Figure 3Segmental duplications/multiplications or deletions underlying the clusters of GCNVs likely under parallel selection. Gene clusters that included GCNVs likely under parallel selection located in the linkage groups (A) VIII and (B) XIX are shown with three genes upstream or downstream. Each point represents the ratio of the average of the normalized numbers of the mapped reads between the two groups. The identified GCNVs with more copies in the marine and freshwater groups are colored by orange and blue, respectively. Genes were excluded from visualization if the median of the numbers of mapped reads per 100 bp of the gene length was less than one or if no reads were mapped in at least one individual.
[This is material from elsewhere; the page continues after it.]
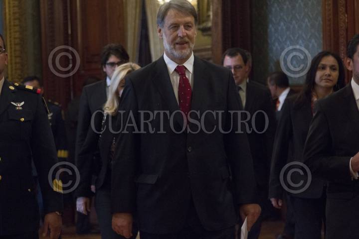 CIUDAD DE MÉXICO, 07MARZO2017.- Ernesto Cordero, senador del PAN, y Rogelio Granguillhome embajador de Alemania, se saludan al finalizar la toma de protesta de tres embajadores; Alemania, Reino Unido y Grecia. FOTO CUARTOSCURO.COM

The error bars indicate standard deviations of the ratios that were calculated for pairs of freshwater and marine groups derived from the same geographic regions. (If multiple samples were derived from the same geographic region for either group, the average of the normalized number of reads was used for the calculation).
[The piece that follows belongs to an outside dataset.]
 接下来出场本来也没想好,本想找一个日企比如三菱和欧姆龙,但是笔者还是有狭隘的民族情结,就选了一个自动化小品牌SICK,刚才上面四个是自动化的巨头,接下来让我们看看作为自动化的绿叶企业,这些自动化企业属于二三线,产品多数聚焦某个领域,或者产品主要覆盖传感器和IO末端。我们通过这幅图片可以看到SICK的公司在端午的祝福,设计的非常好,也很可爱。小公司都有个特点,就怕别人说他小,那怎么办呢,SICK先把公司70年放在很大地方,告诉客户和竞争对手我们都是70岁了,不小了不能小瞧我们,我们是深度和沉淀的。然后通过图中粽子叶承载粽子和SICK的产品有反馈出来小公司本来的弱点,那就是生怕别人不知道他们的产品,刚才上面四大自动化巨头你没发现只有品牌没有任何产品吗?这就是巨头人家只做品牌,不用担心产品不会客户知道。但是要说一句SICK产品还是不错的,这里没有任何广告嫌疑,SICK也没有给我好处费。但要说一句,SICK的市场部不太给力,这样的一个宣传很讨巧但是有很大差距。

Figure 4Numbers of mapped reads in two freshwater-increased and one freshwater-decreased GCNVs. Each point and line represent the normalized numbers and average normalized numbers, respectively, of the mapped reads per 200-bp non-overlapping window for 10 freshwater (black) and 10 marine (red) individuals. (A and B) Two freshwater-increased and (C) one freshwater-decreased GCNVs that were confirmed by three or more different allelic sequences, are shown. Gene models are shown at the bottom of each panel.